A provision in the Pension Protection Act (PPA) of 2006, which allows individuals over the age of 701?,,2 to make a one-time donation of up to $100,000 from an IRA tax-free to a charitable institution of their choice, is not picking up as much steam as some would have expected, and experts do not see much hope of it being extended beyond its current expiration date, Dec. 31 of this year.
Most observers consider the measure itself a positive development, both for the charities (donor advised funds and private foundations are excluded) as well as retirees that have the means to give away $100,000 from an IRA without feeling a pinch. However, the option is limited to only these individuals, says Robert Sharpe, president of the Sharpe Group, a leading provider of philanthropic services to the nonprofit community that is based in Memphis.

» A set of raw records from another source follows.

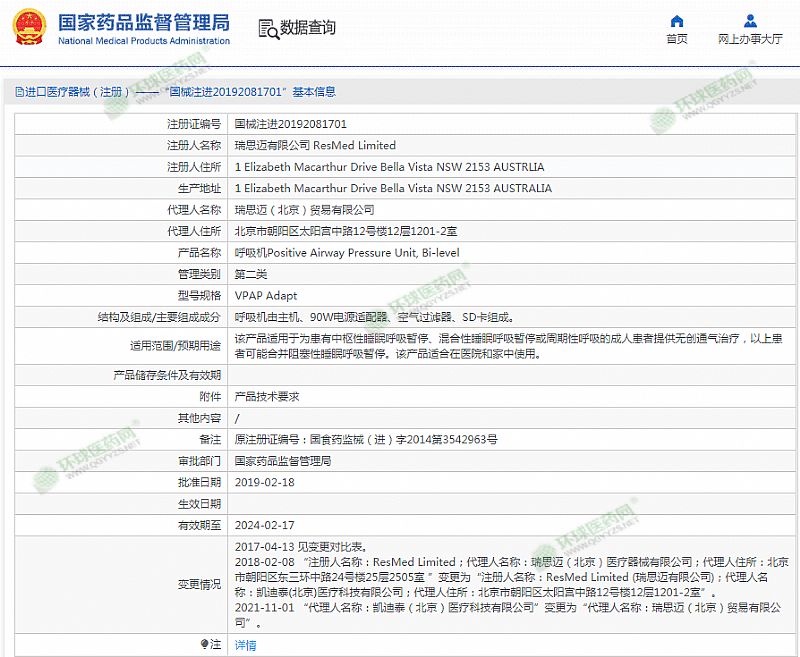 生產(chǎn)企業(yè): 瑞思邁有限公司 ResMed Limited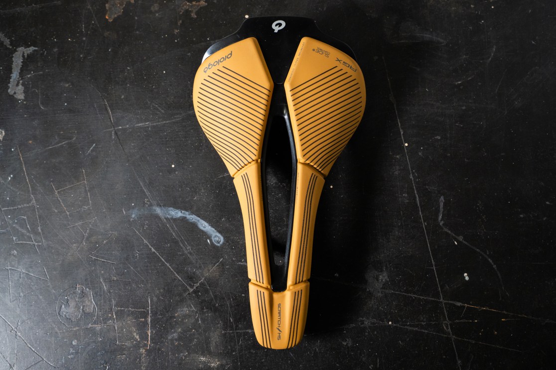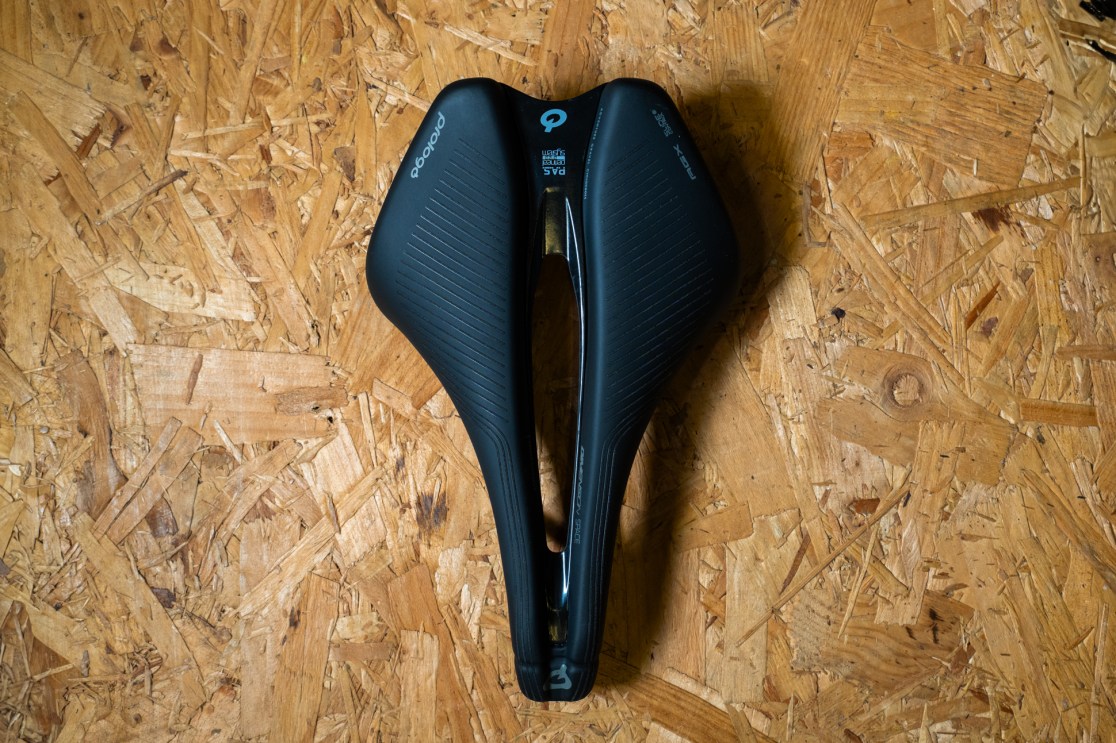 Okay, so this Pogacar’s saddle of choice apparently. That’s fine. But what’s with the rear-facing blade on the rear? I assume it’s the result of some sort of vibration quelling/dissipating theory but… Ouch. The area between my belly button and genitals is wincing just looking at it.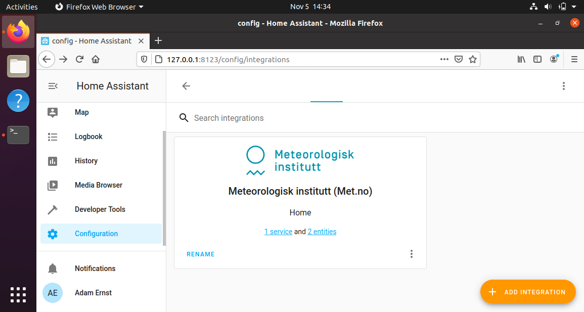 The Material "fab" (floating action button) to add a new integration is currently configured without a label.
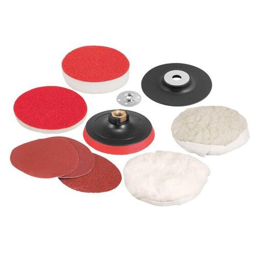 Conteúdo da Embalagem: 1 Jogo de discos para lixamento e polimento com 9 peças, composto por: 1 disco com feltro, 1 disco com espuma, 1 boina de lã sintética, 1 boina de lã natural, 1 disco de lixa grão 40, 1 grão 120 e 1 grão 240, 1 suporte de PVC 4.1/2 com flange (rosca M14) e 1 suporte de PVC com sistema fixa fácil (rosca M14). Indicado para máquinas angulares rotativas de 4.1/2 115 mm, com acionamento elétrico ou pneumático. Ideal para lixamentos e polimentos. Sistema de substituição rápida de acessórios Especificações Técnicas:

“The provision is only for people who have IRAs, so it is aimed at a fairly limited market, since most people have their money in 401(k)s or 403(b)s,” Sharpe says. “There are people who have rolled over into IRAs, but we are talking about a pretty small universe here.”
The charitable IRA rollover allows a donor to give a gift directly to a charity, rather than withdrawing cash and reporting it as taxable income, or giving it to a donor-advised fund or trust. Charities have been angling for this kind of charitable transfer option for years, and it is the first of its kind allowing people to give charitable gifts directly from their IRAs while they are alive.
Yet Frank Simon, founder and president of Findlay, Ohio-based P.R.O.F.I.T. Financial LLC, also believes that the provision’s appeal is limited, not just because it is aimed at a fairly small set of retirees, but also because it has not resonated with either that subset of retirees or charitable groups at large.
“Only two of our firm’s clients have asked about the provision,” Simon reports. “We asked several of the charitable organizations we work with about the experiences they have had, and they also found little interest.”
The low response rate, according to Simon, is a clear indication that awareness of the provision must be increased among retirees, their advisors, and the charitable institutions that wish to avail themselves of lump sum donations; many of those charities do not have properly formulated communication strategies with which to reach out to funding sources and potential donors.